▸ Required work
When duplicating the records beneath this instruction, omit every picture and keep all else exact.

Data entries

↓↓↓

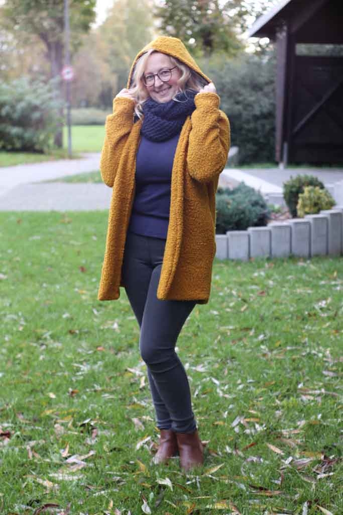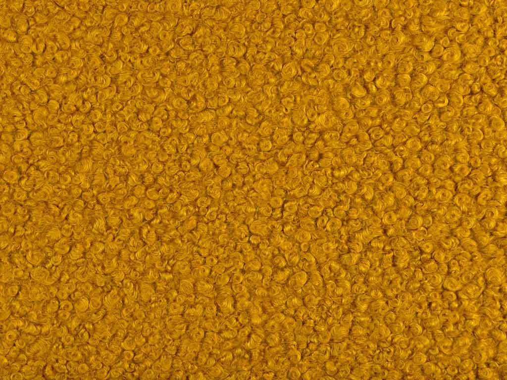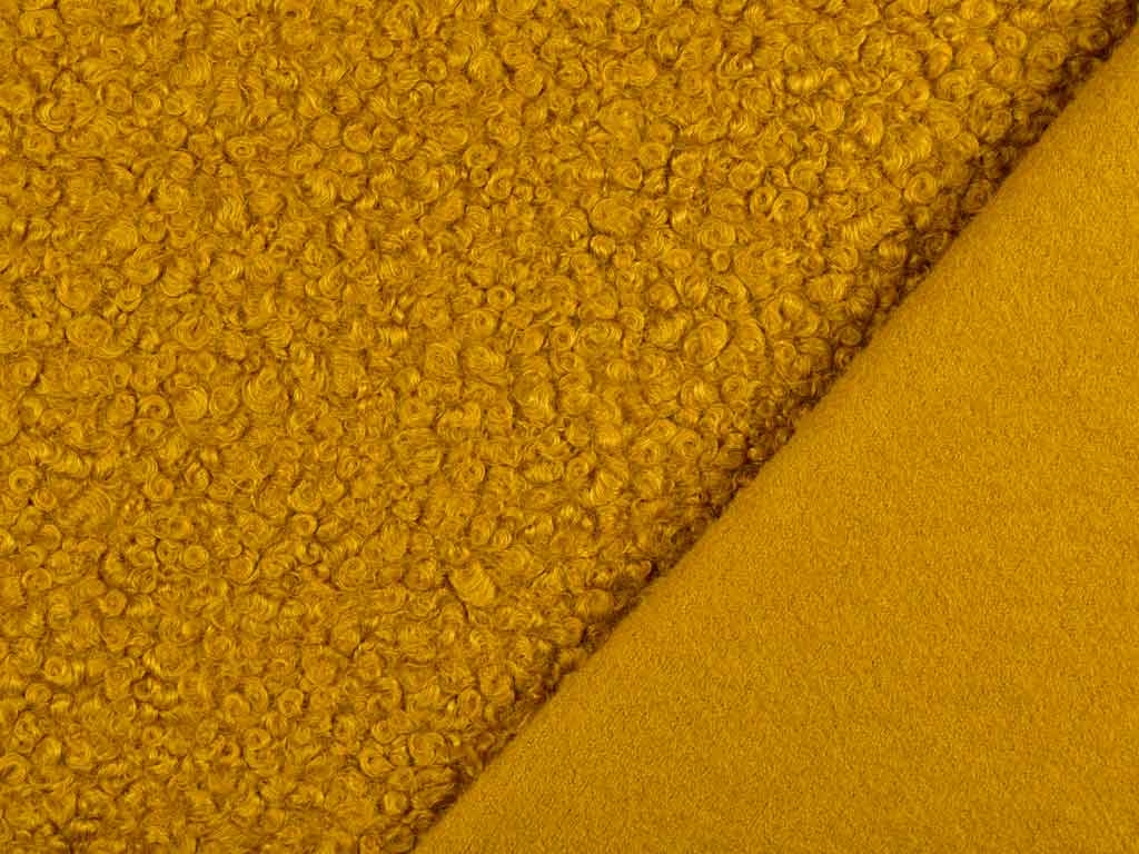 Ein warmer Boucle Stoff in Ocker. Der Stoff hat einen weichen, dickeren Griff und die "Löckchen" erinnern an Schafsfell.
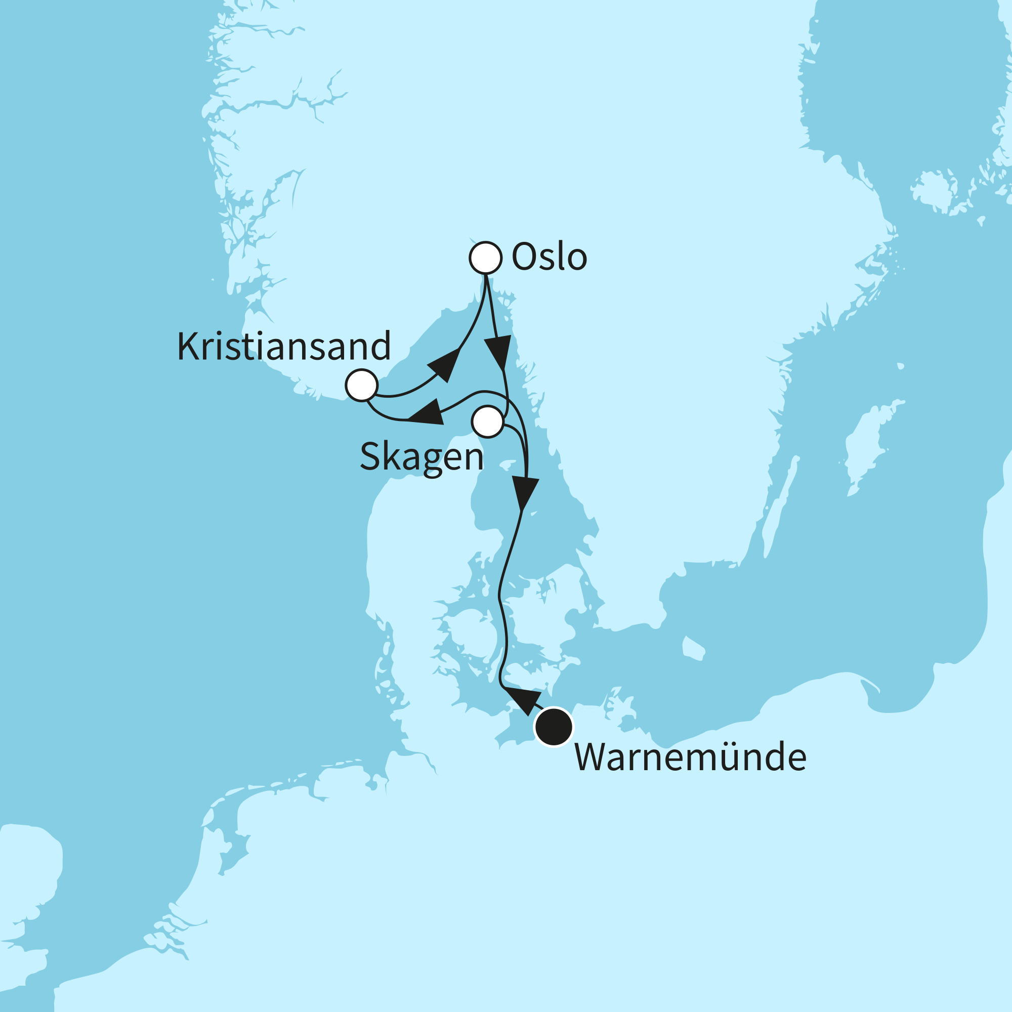 Warnemünde > Seetag > Kristiansand > Oslo (Oslofjord) > Skagen > Seetag > Warnemünde
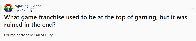 近日,reddit平台上,一位用户发帖讨论,其主题是【"有哪些游戏系列曾是业界顶流,却慢慢把自己口碑弄没了?"】。
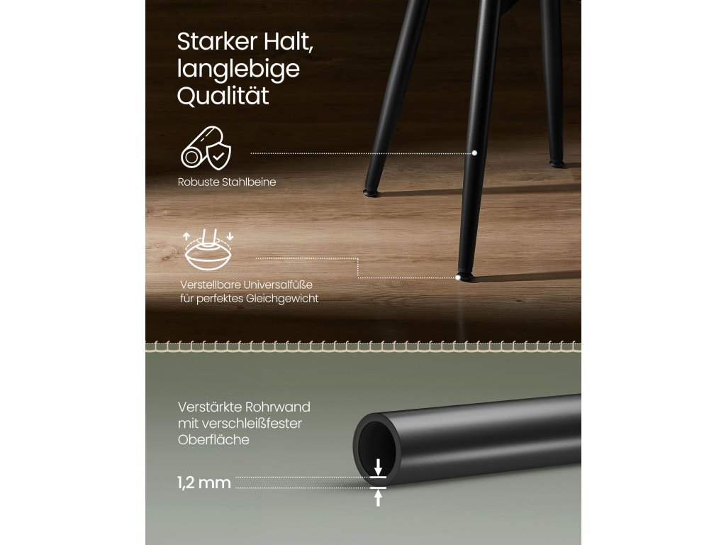 Oživte svůj prostor Tato jídelní židle z kolekce VASAGLE EKHO je vyrobena z umělé kůže s bohatou texturou a jemné prošívání svědčí o řemeslném zpracování. vytvoření domova, který vypovídá o vašem stylu.Pohodlí při každém usednutí Přejeďte rukou po hladkém potahu a zabořte se do 8 cm silné tvarované pěny 58D. Tato čalouněná židle poskytuje pohodlné sezení, které obstojí ve zkoušce času.Stabilní a šetrné k podlaze Kovové nohy, které stojí směrem ven a tvoří pevnou základnu, spolu s nastavitelnými univerzálními nožičkami zajišťují této stoličce nejen vysokou stabilitu na nerovných podlahách, ale i stabilitu na podlaze. ale také chrání podlahu před poškrábánímSnadná instalace Tuto jídelní stoličku sestavíte během chvilky: jednoduše připevněte desku stoličky k podstavci a vaše nové sezení je připraveno zdobit vaši jídelnu.Úspora místa, vytváření scény Tato stolička se perfektně hodí pod jídelní stůl nebo do stísněného prostoru. Ať už se nachází v jídelně, obývacím pokoji, ložnici nebo pracovně, tato stolička dokonale zapadne do jakéhokoli prostředí.| Kategorie: | Jídelní židle |
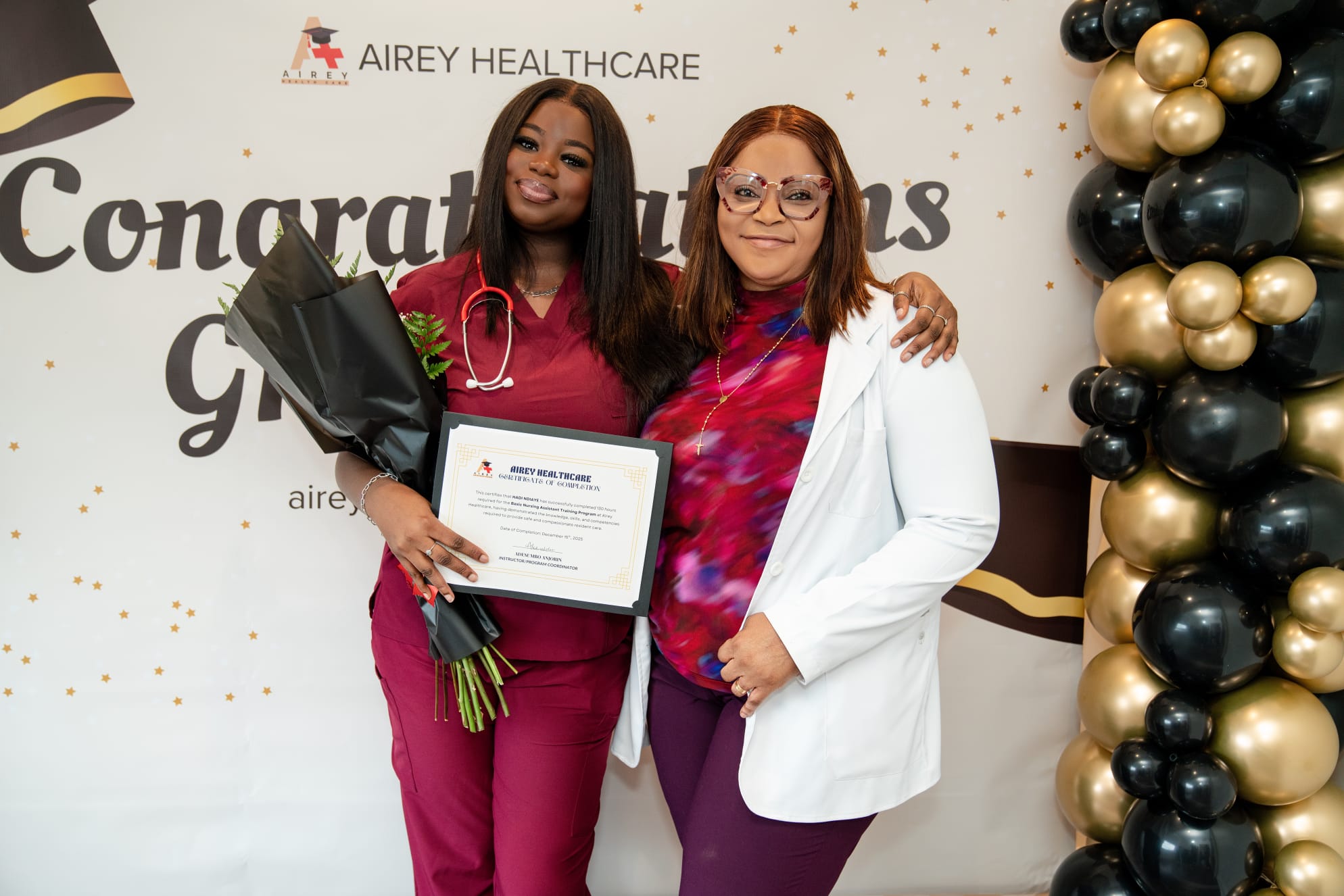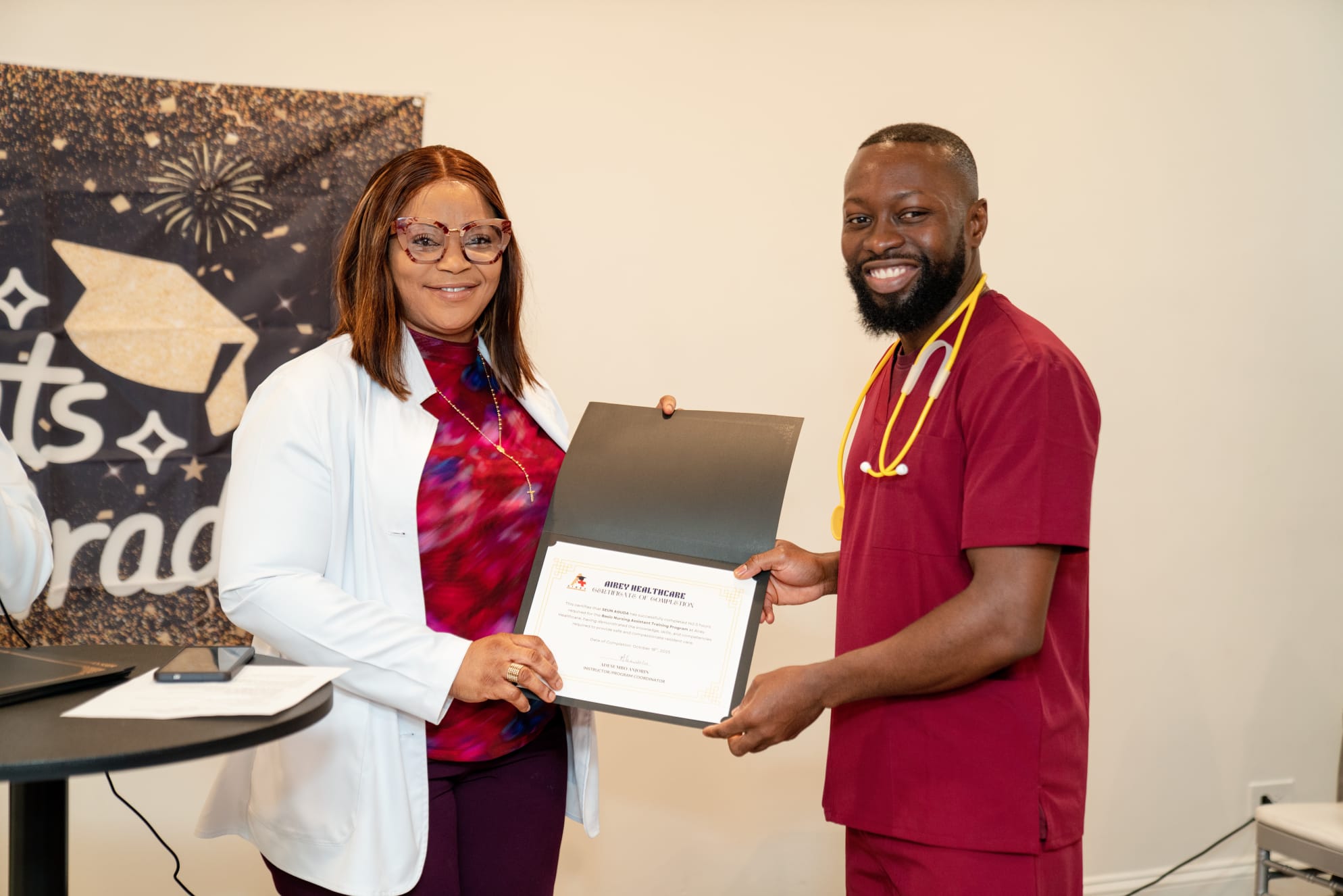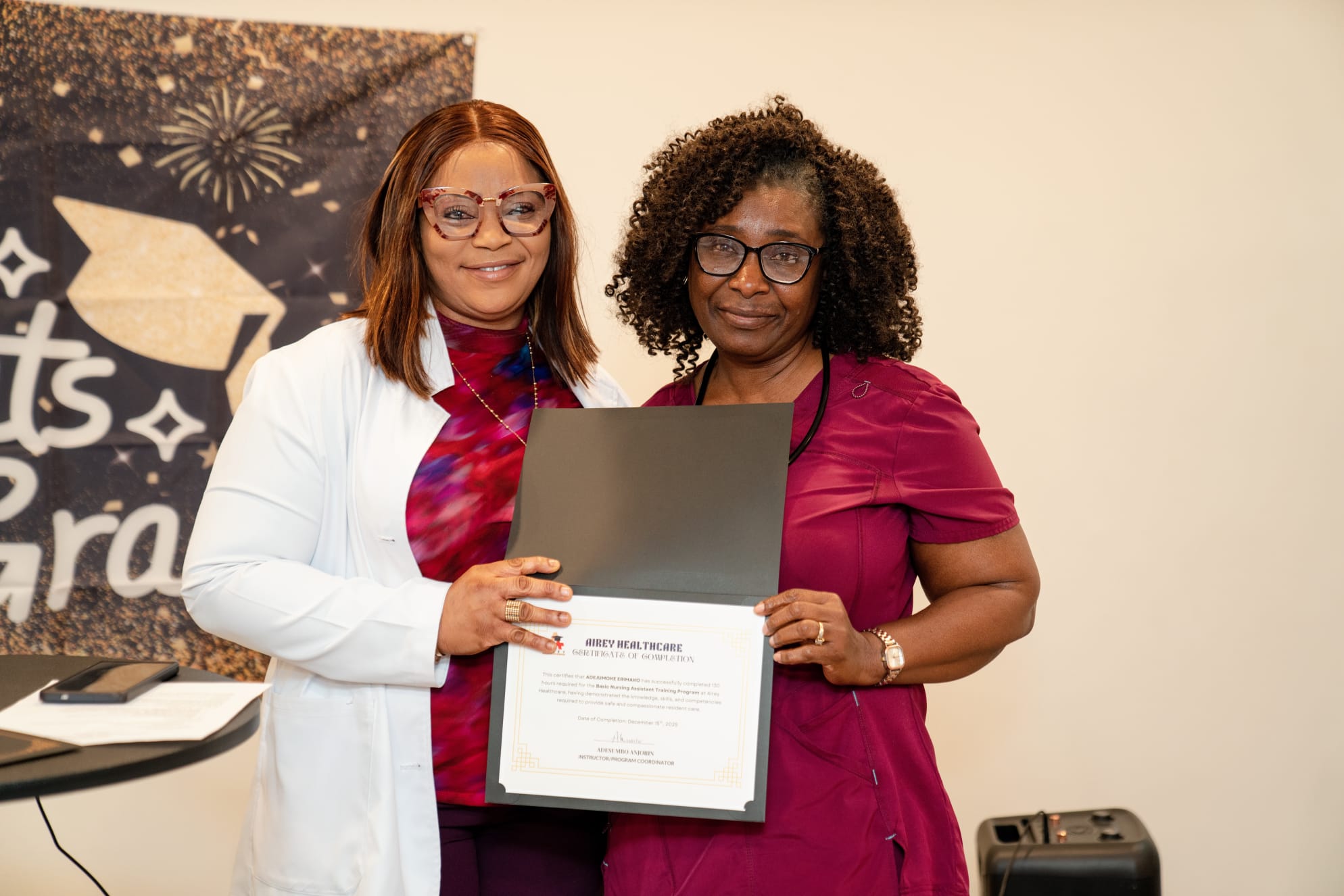 I am truly grateful for the exceptional training and support provided by AIREY Healthcare CNA School. The instructors are knowledgeable, patient, and genuinely committed to the success of every student. The program is well-structured, hands-on, and designed to prepare students not only to pass the CNA exam but to become compassionate, confident, and competent caregivers. AIREY Healthcare CNA School instills professionalism, discipline, and a strong sense of responsibility in its students. Graduates leave the program well-prepared to enter the healthcare field with confidence and a strong work ethic. I highly recommend AIREY Healthcare CNA School to anyone seeking quality education and a solid foundation in healthcare.” “AIREY Healthcare CNA School provides outstanding education, hands-on training, and supportive instructors who truly care about student success. Graduates leave confident, skilled, and ready to make a difference in healthcare. Highly recommended!”

↑↑↑

▸ Written answer
 Ein warmer Boucle Stoff in Ocker. Der Stoff hat einen weichen, dickeren Griff und die "Löckchen" erinnern an Schafsfell.
 Warnemünde > Seetag > Kristiansand > Oslo (Oslofjord) > Skagen > Seetag > Warnemünde
 近日,reddit平台上,一位用户发帖讨论,其主题是【"有哪些游戏系列曾是业界顶流,却慢慢把自己口碑弄没了?"】。
 Oživte svůj prostor Tato jídelní židle z kolekce VASAGLE EKHO je vyrobena z umělé kůže s bohatou texturou a jemné prošívání svědčí o řemeslném zpracování. vytvoření domova, který vypovídá o vašem stylu.Pohodlí při každém usednutí Přejeďte rukou po hladkém potahu a zabořte se do 8 cm silné tvarované pěny 58D. Tato čalouněná židle poskytuje pohodlné sezení, které obstojí ve zkoušce času.Stabilní a šetrné k podlaze Kovové nohy, které stojí směrem ven a tvoří pevnou základnu, spolu s nastavitelnými univerzálními nožičkami zajišťují této stoličce nejen vysokou stabilitu na nerovných podlahách, ale i stabilitu na podlaze. ale také chrání podlahu před poškrábánímSnadná instalace Tuto jídelní stoličku sestavíte během chvilky: jednoduše připevněte desku stoličky k podstavci a vaše nové sezení je připraveno zdobit vaši jídelnu.Úspora místa, vytváření scény Tato stolička se perfektně hodí pod jídelní stůl nebo do stísněného prostoru. Ať už se nachází v jídelně, obývacím pokoji, ložnici nebo pracovně, tato stolička dokonale zapadne do jakéhokoli prostředí.| Kategorie: | Jídelní židle |
 I am truly grateful for the exceptional training and support provided by AIREY Healthcare CNA School. The instructors are knowledgeable, patient, and genuinely committed to the success of every student. The program is well-structured, hands-on, and designed to prepare students not only to pass the CNA exam but to become compassionate, confident, and competent caregivers. AIREY Healthcare CNA School instills professionalism, discipline, and a strong sense of responsibility in its students. Graduates leave the program well-prepared to enter the healthcare field with confidence and a strong work ethic. I highly recommend AIREY Healthcare CNA School to anyone seeking quality education and a solid foundation in healthcare.” “AIREY Healthcare CNA School provides outstanding education, hands-on training, and supportive instructors who truly care about student success. Graduates leave confident, skilled, and ready to make a difference in healthcare. Highly recommended!”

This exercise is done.